Gyp Association has a publication with modifiers listed in the front end.

Wondering if UL doesn't also. Like if you do this, than add that kind of language.


----------



## mtlogcabin (Aug 7, 2012)

> Can you add materials on the outside of the wall?  Would one be able, say, to apply plywood with screws to the rated assembly?  Would the screws penetrating the rated wall affect the fire resistance of the wall?


Existing Mexican resturaunt had stainless installed on the wall in the kitchen behind the range. It was attached to the wall with stainless steel screws into the wood studs ( not code compliant under todays code). The large wok on the stove top allowed the flames to heat the stainless after about 2 weeks of that an employee cleaning the wall noticed the wall was still hot more than 90 minutes after the stove was no longer in use. The interior wood studs on the 2 hour wall had started to burn. The FD determined the heat was transferring the gypsum board by the screws and over time had charred the wood and eventually started to smolder. Quick action by the employee and the FD and the resturaunt was back in businees for dinner the next day


----------



## GCtony (Aug 9, 2012)

mtlogcabin, That's a good lesson right there. This I will store somewhere in my memory bank.

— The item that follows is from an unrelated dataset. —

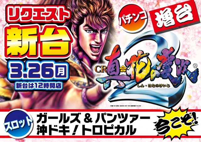 パチンコ: 500円/125玉 2パチ: 500円/250玉 パチスロ: 1000円/46枚 |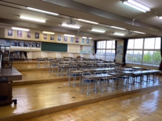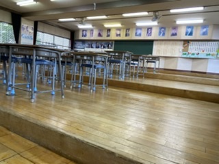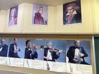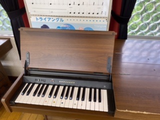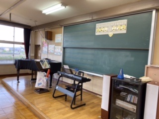「おんがくしつ」では、うたや がっき、リズムの べんきょうを します。

Ya all are killing me, You teach me one thing and it leads me to come up with 10 more questions! Like I tell my kids..."Not a day goes by that you don't learn something"

Someone mentioned sec. 717; is the wall cavity in a wall assembly considered a concealed space?

Reading the prior posts got me thinking of a condition I will be running into.  I have a 1-hour tenant seperation wall that we will need to have PVC pipe within the wall for a central vac system. The pipe will run above the ACT ceiling, penitrate the wall, turn down inside the wall and come out the wall near the floor.  I understand the pennitrations will require fire caulk but my question is; is PVC allowed to pennitrate the wall and permitted to be within the wall.  My thought is no, in case of a fire, the PVC could melt and leave a hole in the wall. However, I've seen similar conditions but it's for plumbing, CPVC water lines, vent and waste.  A little help on where this is found in the IBC would be helpful. I'm looking at 712 but I think I need to be looking elsewhere.


----------



## steveray (Aug 9, 2012)

Tony...just like a ul listed wall# design, there are penetration designs as well....they days of "we'll just fire caulk it" should be over....there needs to be enough intumescent material there to seal the hole when the pipe melts away....in many circumstances I think caulking can be used up to about 2" pipe if the amounts are correct....Anything larger than that might require a manufactured "collar" that affixes to the wall and will seal the opening it is designed for....


----------



## GCtony (Aug 9, 2012)

Another question a little OT but I don't think is worth it's own thread. It's regarding 1017, corridors

I have a 6000 sq ft tenant space in your typ. strip center.  A-3 use, type II construction, not sprinkled, architects calculations are showing 90 occupants.  Imagine a space with rooms on the right of the space and rooms on the left with a corridor running down the center with an exit at the front and rear of the corridor.  The distance between the two exists, length of the corridor is roughly 80 feet. Plan review is saying that the corridor will need to be rated per table 1018.1. It's black and white but I've never run into rated corridors within a small tenant space. I'm wondering if this corridor in this tenant is not technically a corridor and just a common path of travel. The architect did use the word "corridor" on the drawings.  This plan reviewer is looking at exactly what is on the drawing and wont be doing the "oh, it's a mistake but I know what they mean, let me give them a call"


----------



## GCtony (Aug 9, 2012)

steveray said:
			
		

> Tony...just like a ul listed wall# design, there are penetration designs as well....they days of "we'll just fire caulk it" should be over....there needs to be enough intumescent material there to seal the hole when the pipe melts away....in many circumstances I think caulking can be used up to about 2" pipe if the amounts are correct....Anything larger than that might require a manufactured "collar" that affixes to the wall and will seal the opening it is designed for....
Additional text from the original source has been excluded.